Suffolk pushes ahead on Animal Abuse Offender Registry

Travel deals

The Suffolk County Legislature approved a measure Tuesday aimed at getting an Animal Abuse Offender Registry up and running after three years of delays.

The new measure, approved on an 11-5 vote, revises a 2010 law that named the Society for the Prevention of Cruelty to Animals to run the website registry and instead allows the police department to select from among any animal-rights or rescue group to run the website.

The new law also requires those convicted of cruelty or animal abuse to be informed by the district attorney's office at sentencing that they must register at the local police station. The police will make the information available to the website, where offenders' names and addresses will remain for five years.

Officials say a half-dozen animal abusers have been convicted in the past three years, but no one has registered even though the existing measure requires offenders to register and pay a $50 administrative fee each year. Failure to do so make offenders liable to up to a year in jail and a $1,000 fine.

Legis.

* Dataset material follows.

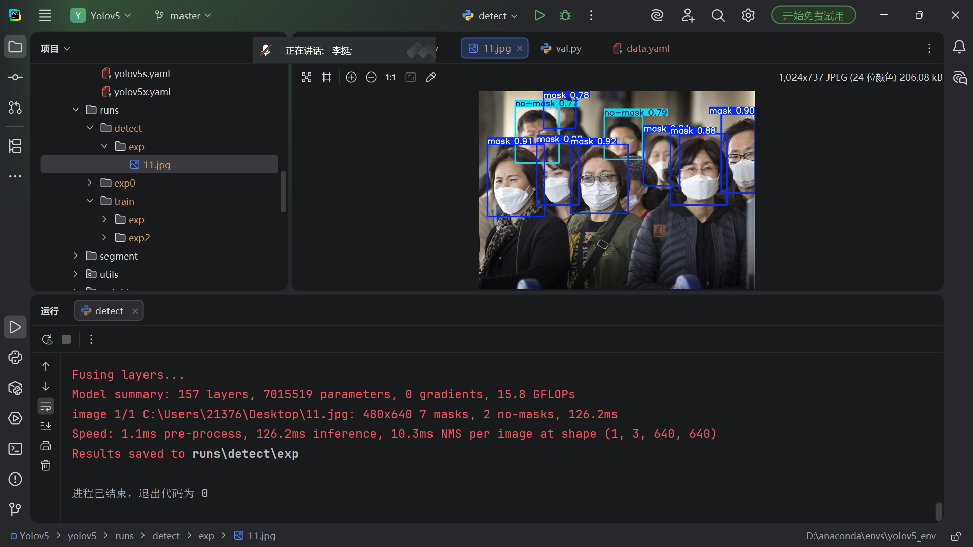 打开这张图片,你会看到原图上被标注了带置信度的检测框,框上显示类别名称(mask / no-mask)和概率。

Louis D'Amaro (D-North Babylon) said he proposed the changes because the SPCA had long held off implementing the website, hoping to receive wider indemnification of its overall rescue and enforcement operations from the county. The county had only offered to indemnify the group in cases where the county provided incorrect information on abusers for the website.

Paul Llobell, representing the SPCA, maintained the group is ready to go, and the delay in implementing the website had nothing to do with the indemnification issue. He contended the group is the only one qualified to provide the registry service.

"We're ready to provide the service right now at zero cost to the county," he said, adding that opening the process could permit extreme groups to apply.

However, D'Amaro said the society let the registry "sit idle" and its last-minute offer "belies the last three years of history." He added, however, that the society is free to apply to police to run the website.

He said he hopes the new law will be signed quickly by County Executive Steve Bellone and that a request for proposals can be issued within 60 days. Once a group is chosen, he hopes the site can be up and running within 10 days.

A Bellone spokesman said the executive would sign the measure into law.